On Wed, Oct 18, 2006 at 04:42:00PM +0100, Simon Marlow wrote:
The other notorious part of the Haskell grammar that isn't LL/LR(1) is expressions vs. patterns. In a statement, if you see a variable, you don't know whether it is a pattern variable (apat) or an expression variable (aexpr). This is why Haskell grammars generally parse expressions and patterns using the same non-terminals.
it should be noted that all of haskell (including the maximal munching rules and lexing (but not the layout without a little preprocessing AFAIK)) can easily be parsed by a PEG. I am going to switch jhc to using one eventually as the maintainability advantages of a peg grammar are persuasive (and I pull my hair out every time I have to modify the current happy LALR parser). If you are writing something like a syntax highlighter for an editor, I'd strongly recommend checking them out as a basis. they are a straightforward generalization of regular expressions and can be made to deal gracefully with errors simply choosing the "most plausable" choice from ambiguous or incomplete code, something that is extremely useful for an editor.

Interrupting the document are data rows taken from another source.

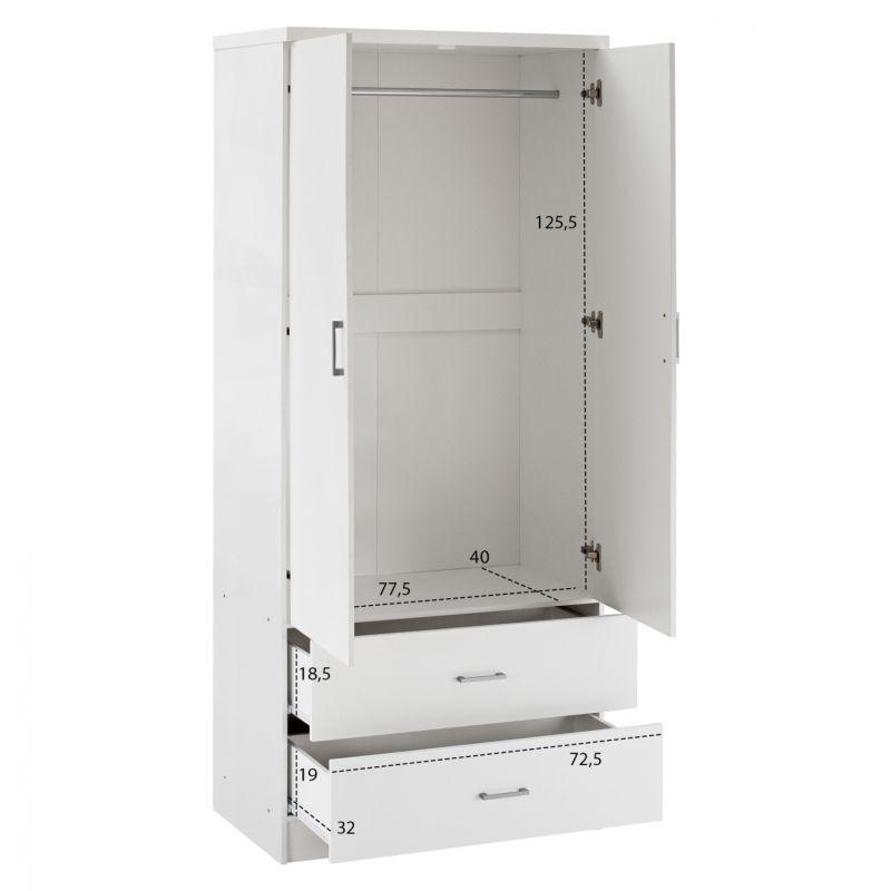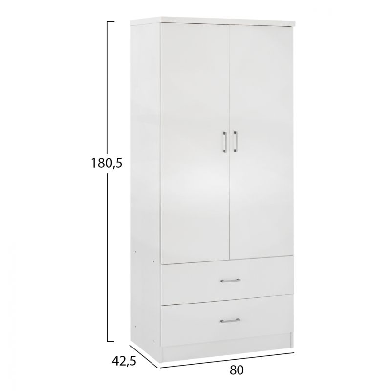 ГАРДЕРОБ 2 ВРАТИ С 2 ЧЕКМЕДЖЕТА HM338.05 БЯЛ 80Χ42,5Χ180,5Υ см.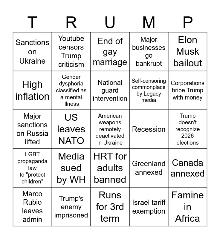 This bingo card has 25 words: Media sued by WH, Runs for 3rd term, National guard intervention, Marco Rubio leaves admin, Elon Musk bailout, Sanctions on Ukraine, High inflation, Youtube censors Trump criticism, Recession, HRT for adults banned, Self-censoring commonplace by Legacy media, Major sanctions on Russia lifted, Greenland annexed, Canada annexed, Gender dysphoria classified as a mental illness, Famine in Africa, Trump doesn't recognize 2026 elections, End of gay marriage, Corporations bribe Trump with money, US leaves NATO, American weapons remotely deactivated in Ukraine, Trump's enemy imprisoned, LGBT propaganda law to "protect children", Major businesses go bankrupt and Israel tariff exemption.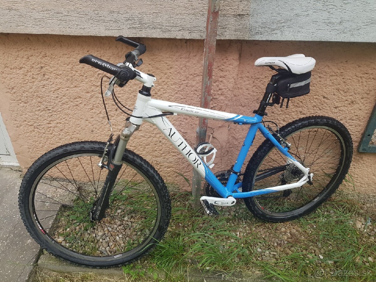 Hardtail MTB bicykel, veľkosť rámu 18", kolesá 26", výbava Shimano Alivio, málo jazdený (po jednoduchom teréne-spevnené komunikácie a lesné cestičky, najazdené cca 1200 km, v tip-top stave, skoro ako nový-na ráme v zadu len jeden/dva malé škrabančeky) a pravidelne servisovaný. Pôvodna výbava-špecifikácia viď. priložené foto. Vymenená pôvodná vidlica (na foto demontovaná biela vidlica, vymenená tesne po kúpe) za pohodlnejšiu vzduchovú Rock Shox Duke Race (aktuálne osadená na bicykli, pozn. pokazené uzamykanie). Predám spolu s prilbou Author-nenosená, vyskúšaná iba v predajni, 4ks nové duše, namontovaný Author chránič rámu pod reťazou, nové Author ergonomické gripy, Author rohy, Author držiak na fľašu a Author podsedlová taška (možnosť zipsom zväčšiť objem). Obhliadka bicykla naživo možná. Prosím kontaktovať iba mailom. Inzerát platný do zmazania. V prípade seriózneho záujmu možnosť doviezť na trase SA-NR, SA-LV, SA-ZA.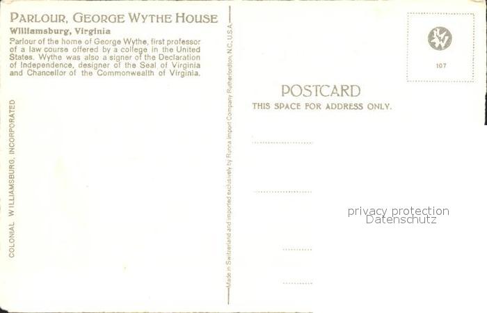 71990980 Williamsburg Virginia Parlour George Wythe House postalisch nicht gelaufen Erhaltung siehe scans KatCode: 14140490000000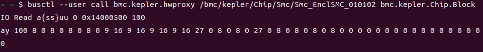 busctl --user call bmc.kepler.hwproxy /bmc/kepler/Chip/Smc/Smc_EnclSMC_010102 bmc.kepler.Chip.BlockIO Read a{ss}uu 0 0x14000500 100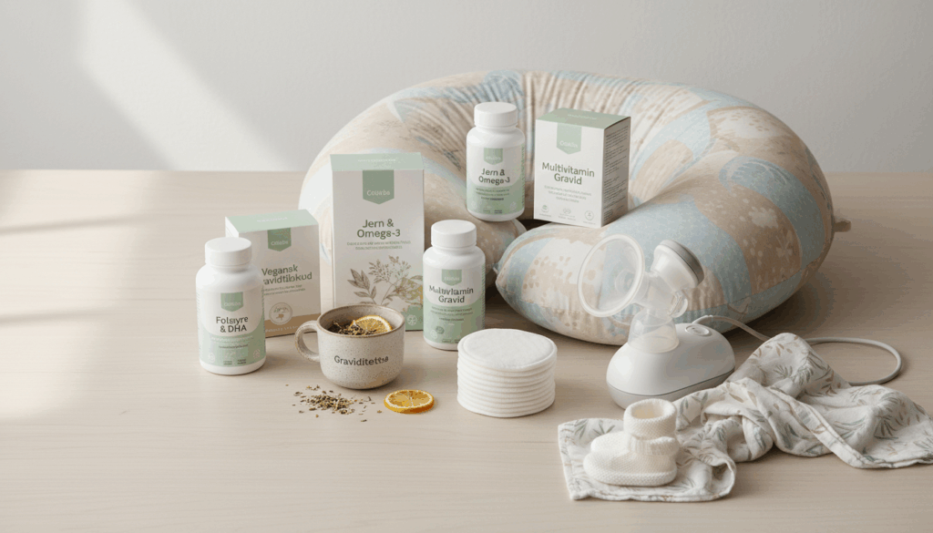 Når du vælger, kan du overveje om du er gravid eller ammer, og om du har særlige behov – eksempelvis vegan, ekstra folsyre eller jern. Variationerne spænder fra multivitaminer til specialtilskud, graviditetste og ammeudstyr som puder og pumper. Kategorien dækker også homøopatiske midler og naturlige tilskud, der støtter velvære gennem denne livsfase.

By LL(1) I'm really meaning that the grammar for interactive editing needs to be adjusted so that it is possible to maintain the invariant that as code is entered from left to right constructs and identifiers can be highlighted according to their grammatical role and highlighting (modulo incompleteness) must remain unchanged regardless of whatever is typed afterwards to the right otherwise it can become more of a liability than a help, hence my hope that some future revision of Haskell grammar might consider taking the above points into account.

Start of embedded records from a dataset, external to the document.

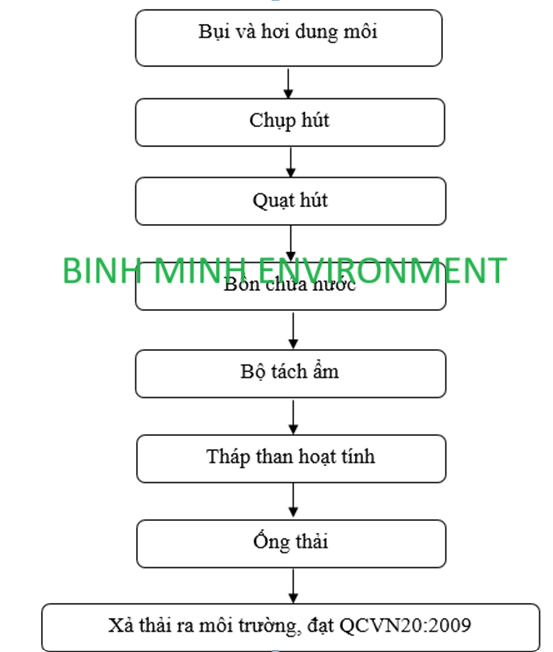 Bụi và hơi dung môi được quạt hút đưa về bể chứa nước với mục đích tách các hạt bụi ra khỏi dòng khí. Khí thải sẽ được các quạt tăng áp hút qua bộ tách ẩm nhằm tách hơi nước ra khỏi dòng khí thải, trước khi qua lớp than hoạt tính. Tại tháp hấp thụ các phân tử khí sẽ được hấp phụ bởi một lượng lớn than hoạt tính.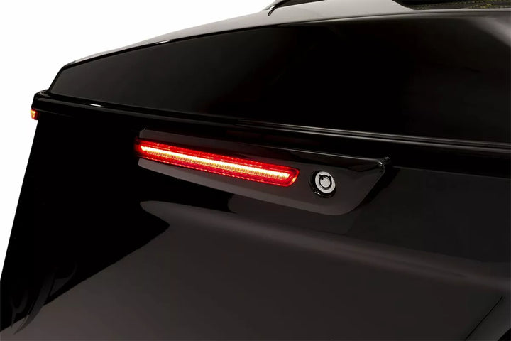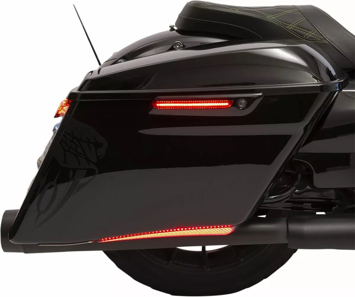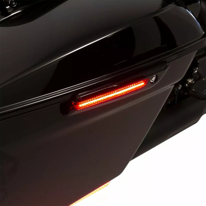 Replaces the hinge cover and reflector to transform the look of your saddlebag, Made of aluminum with Shatterproof polycarbonate lenses, Red run, turn and brak lights, quick disconnect, plug-and-play harness for easy saddlebag
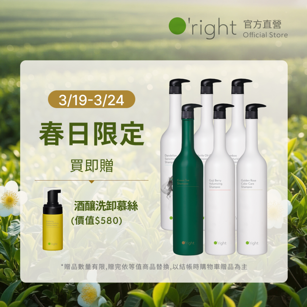O'right 歐萊德 全系列洗髮精1000mL 致贈 酒釀洗卸慕絲 多款任選/控油/淨化/豐盈/溫和/保濕/止癢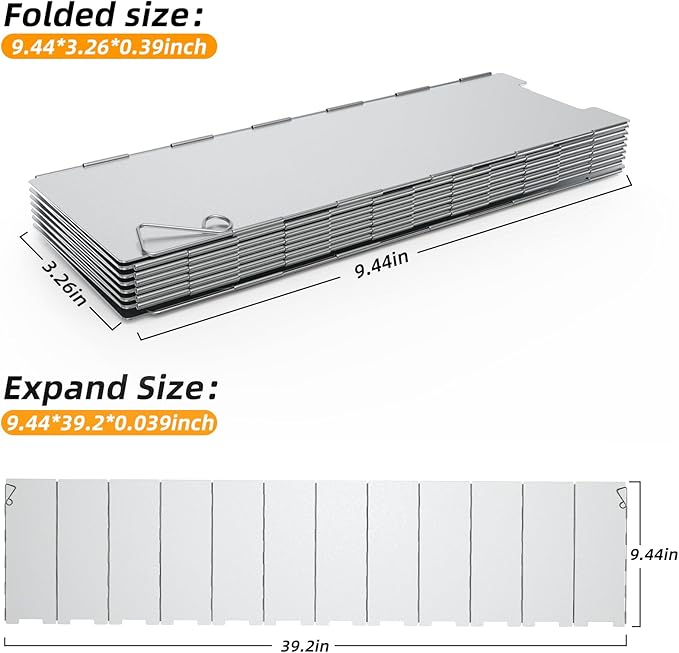- Size - Height 9.44inches, Width 39inches (3.26inches wide when folded).The backpacking stove windscreen comes with drawstring Oxford cloth bag for convenient carry and storage.Weight: 1.1 lb

So you won't be able to colour patterns differently from expressions, that doesn't seem any worse than the context vs. type issue. Indeed, I'm not even sure you can colour types vs. values properly, look at this:
data T = C [Int]
at this point, is C a constructor? What if I continue the declaration like this:
data T = C [Int] `F`
no problem for a PEG as the infinite lookahead allows it to see the `F` no matter how far away it is. jhc may give horrible type errors, but by golly it's gonna give some good parse errors. :) John -- John Meacham - ⑆repetae.net⑆john⑈